◆ Records to use ◆
..............................

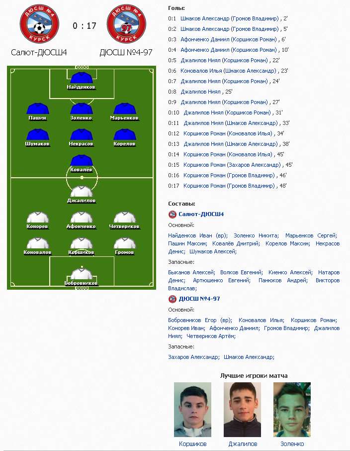Салют-ДЮСШ4 был уничтожен ДЮСШ№4-97 17:0.
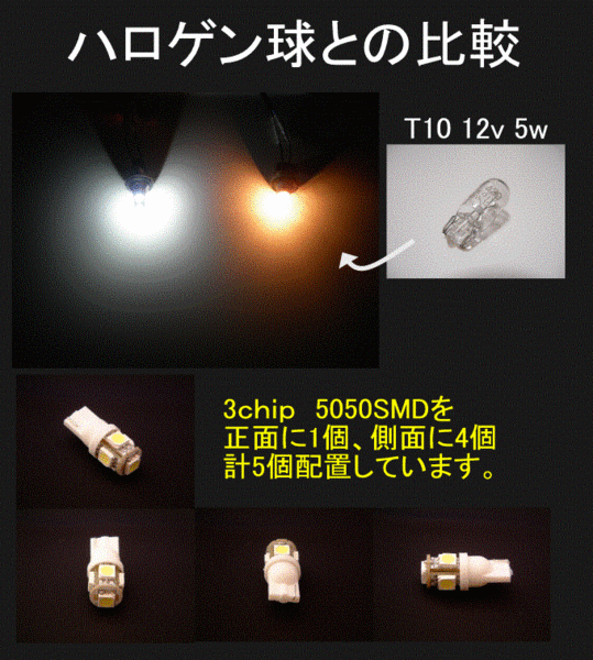 | ◆商品名 T10/T16 3chip SMD 5連LED | ||||||||||||
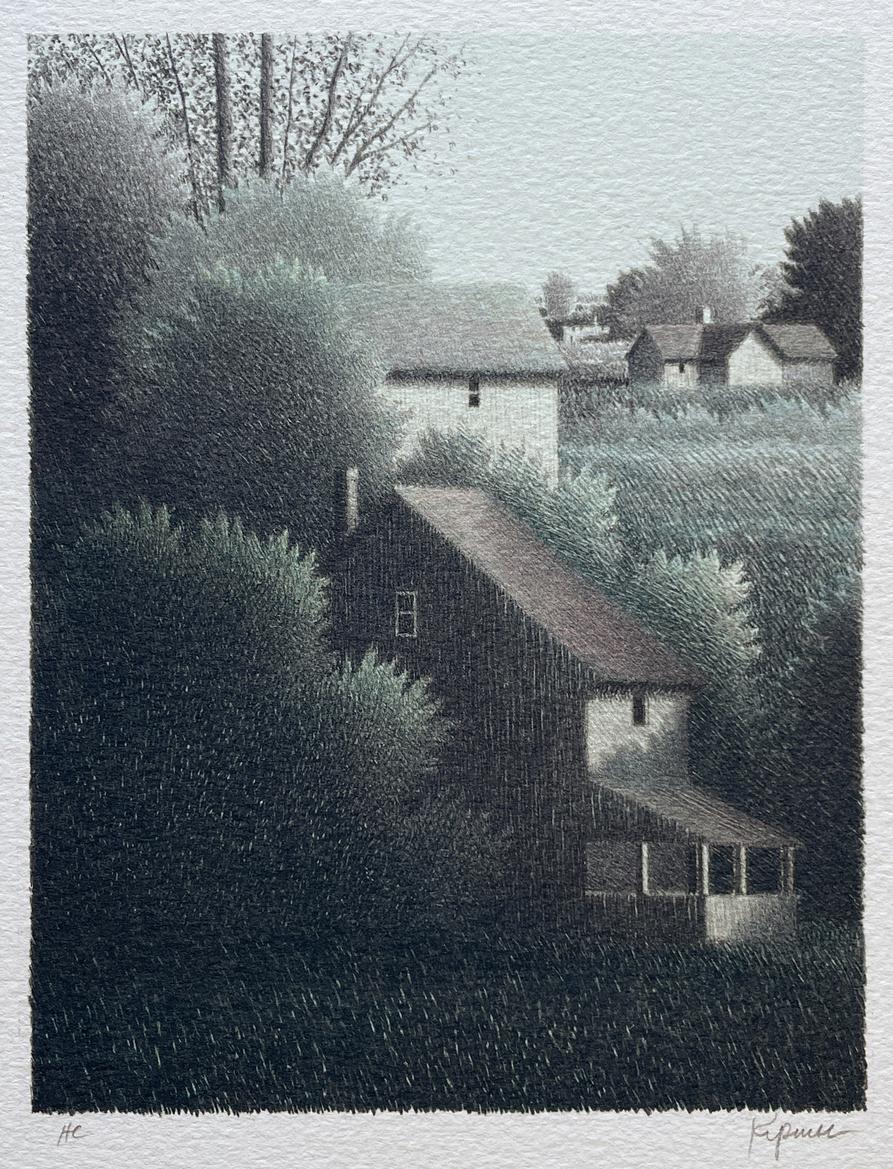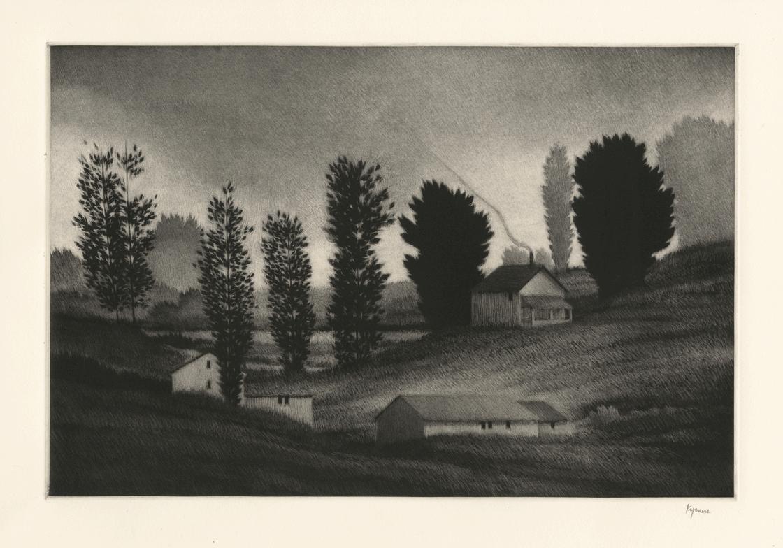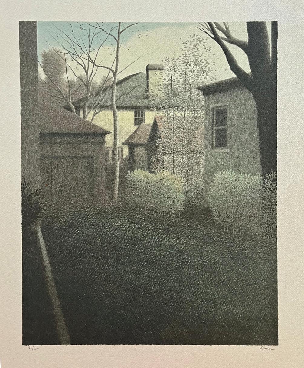 In addition to his black and white mezzotints, Kipniss’s color lithographs are infused with muted warmth, softness and light. His tones are sparing, harmonious and homogenous, once again forming imagery that feels more like a memory than a precise depiction of the world around us. In the catalogue raisonné of graphic work by Karl Lunde, Lunde states, “The poetic landscapes of Robert Kipniss are dreams which lead us to discover the special unity of man and nature, a realization so poignant they arouse a sense in most viewers that they know that particular place, that once they were there” These evocations of a simple place and time – a courtyard bathed in sunlight, a rising moon beyond a hillside, a shadow cast across the side of a house are enhanced by his use of color, giving them the faded glow of moments so fleeting, they live in the delicate space where reality and reverie meet.
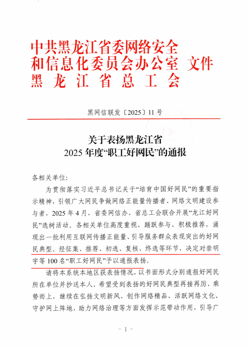 本次“龙江好网民”选树活动以“培育中国好网民,传播龙江正能量”为主题,围绕弘扬文明新风、创作网络精品、活跃网络文化、守护网上阵地、助力网络治理五个维度遴选先进典型,旨在引导广大网民争做网络正能量传播者、网络文明建设参与者。崇明宇经过学校推荐、省级初选、终选等多轮评审,凭借扎实的网络实践成果脱颖而出,成为全省职工群体中的优秀代表。
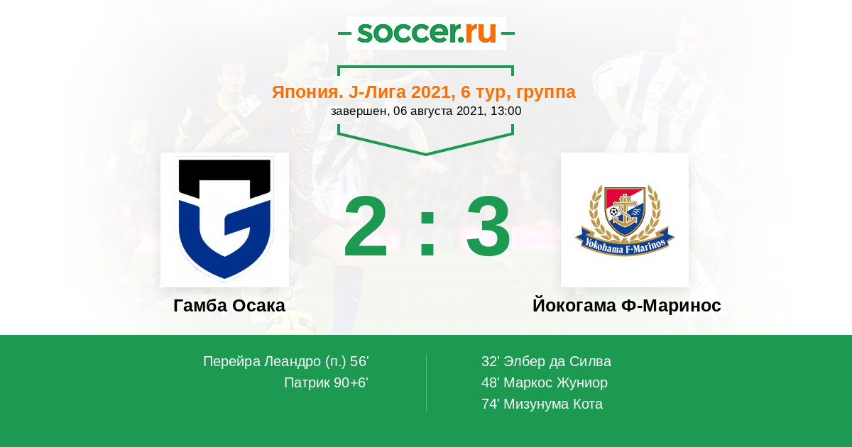 Протокол матча Гамба Осака против Йокогама Ф-Маринос
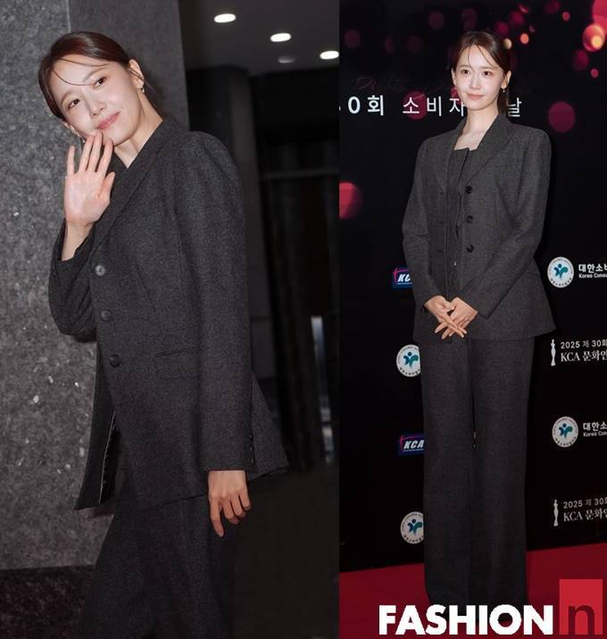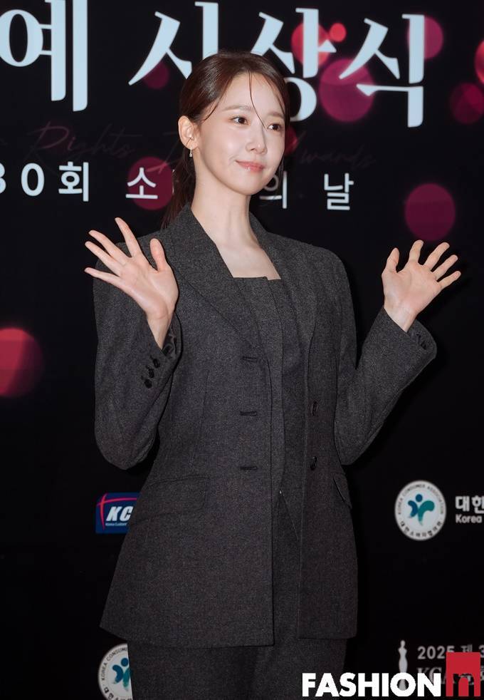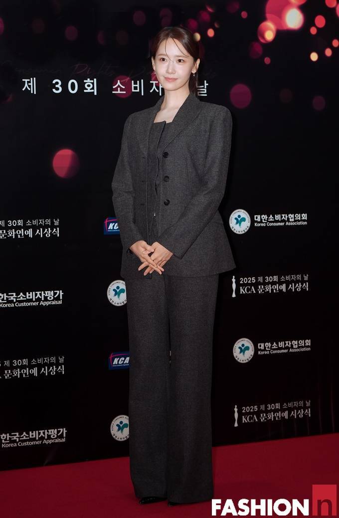 [패션엔 포토] 소녀시대 윤아, 변함없는 꽃사슴 미모...파워당당 클래식한 쓰리피스 슈트룩
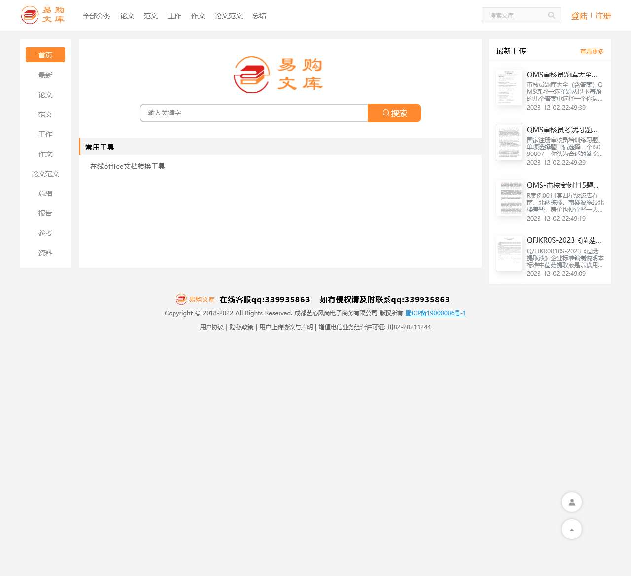 欢迎来到易购文库,您的在线文档分享平台。我们提供丰富多样的文献资源,涵盖了论文、范文、工作总结、报告、参考资料等各个领域,助您更轻松、高效地获取所需资料。以下是我们平台首页的主要内容:
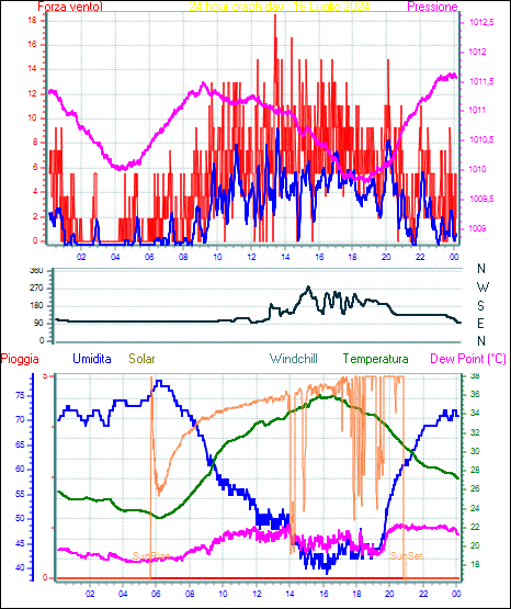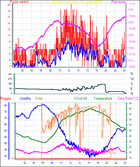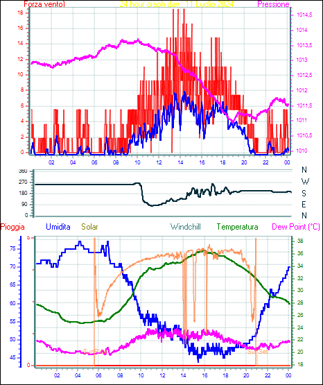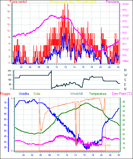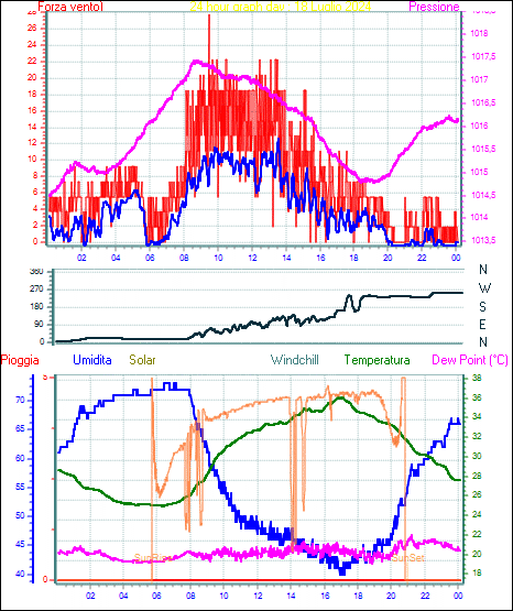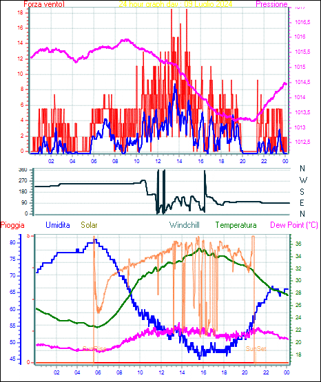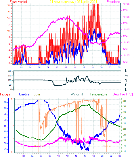Velocità massima di raffica = 18.5 km/h da 152°(SSE) giorno 02 tempo 17:02
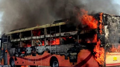 जैसलमेर में चलती निजी बस में भीषण आग, कई यात्री झुलसे।
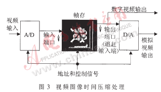 對(duì)一幅圖像進(jìn)行時(shí)間壓縮而不損失其完整性,就要求對(duì)圖像不同部位延遲不同的時(shí)間:對(duì)先掃描的行延遲較多的時(shí)間,接下來逐行線性減少,直到最后一行延遲時(shí)間最少(甚至為0),然后再送顯示。傳統(tǒng)的模擬延遲線無法實(shí)現(xiàn),必須采用數(shù)字化存儲(chǔ)延時(shí)。顯然這里對(duì)圖像信號(hào)只進(jìn)行延時(shí)(處理),不需要等到一幅完整的畫面完全存儲(chǔ)后再處理。因此可以只設(shè)置一個(gè)幀存,它由一塊雙端口存儲(chǔ)器(Dual-Port RAM)構(gòu)成。如圖3。
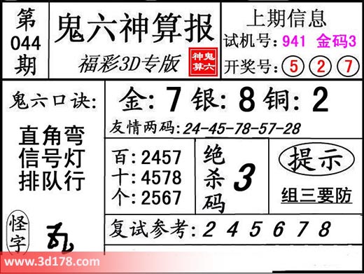 3d第18044期鬼六神算报为您推荐鬼六口诀:
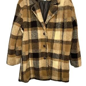 American Eagle Outfitters Brown Plaid Sherpa Teddy Coat Pockets Size Large
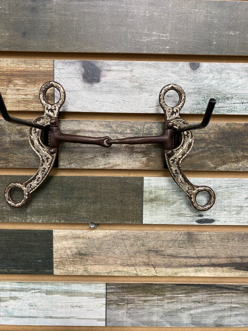 Long Shanked Wesern Jointed Curb Bit 5" With Silver Overlay Detailed Cheeks, Copper Insets on Sweet Iron Mouth...Regular price $125.00Sale price $125.00 Regular priceUnit price per -
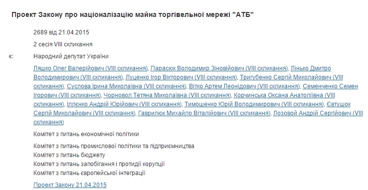 Поздно вечером 21 апреля 15 народных депутатов, большая часть которых представляет Радикальную партию Олега Ляшко, зарегистрировали в Верховной Раде скандальный законопроект №2689 под названием "О национализации имущества торговой сети АТБ".
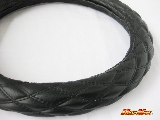 - 【送料800円】トラック用品 国産ソフトレザー ブラック/ブラック ダブルステッチ ハンドルカバー LS/ステアリングカバー
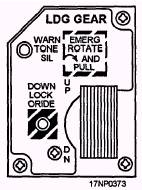 Figure 15-12.-Landing gear control handle. from the main landing gear weight-off-wheels relay to the master arm circuit breaker. Armament Safety Override Switch The armament safety override switch (fig. 15-13) is in the maintenance panel located in the nosewheel well. In the override position, it overrides the landing gear handle DN position so ground operational maintenance can be pulled on the weapon systems. Master Arm Control Panel Assembly The master arm control panel assembly (fig. 15-14) is located in the forward cockpit. It contains the A/A, A/G, and MASTER switches. The A/A and the A/G are push-button switches that provide a ground to the SMP. They select the air-to-air or air-to-ground computer modes, respectively. The MASTER switch is used with the LDG GEAR handle or the armament safety override switch. In the SAFE position, weapons cannot be released or fired, although emergency jettison can be initiated. The ARM position provides an input to the SMP and power for weapon release, fire, or jettison. The switch position (SAFE/ARM) is displayed on the DDIs in the wing-form display.

..............................

◆ Your objective ◆
Transcribe the opening line of the listing above, please, and every line after it through the line with "5連LED | ||||||||||||", word for word, without pictures.

◆ Result of the exercise ◆
Салют-ДЮСШ4 был уничтожен ДЮСШ№4-97 17:0.
 | ◆商品名 T10/T16 3chip SMD 5連LED | ||||||||||||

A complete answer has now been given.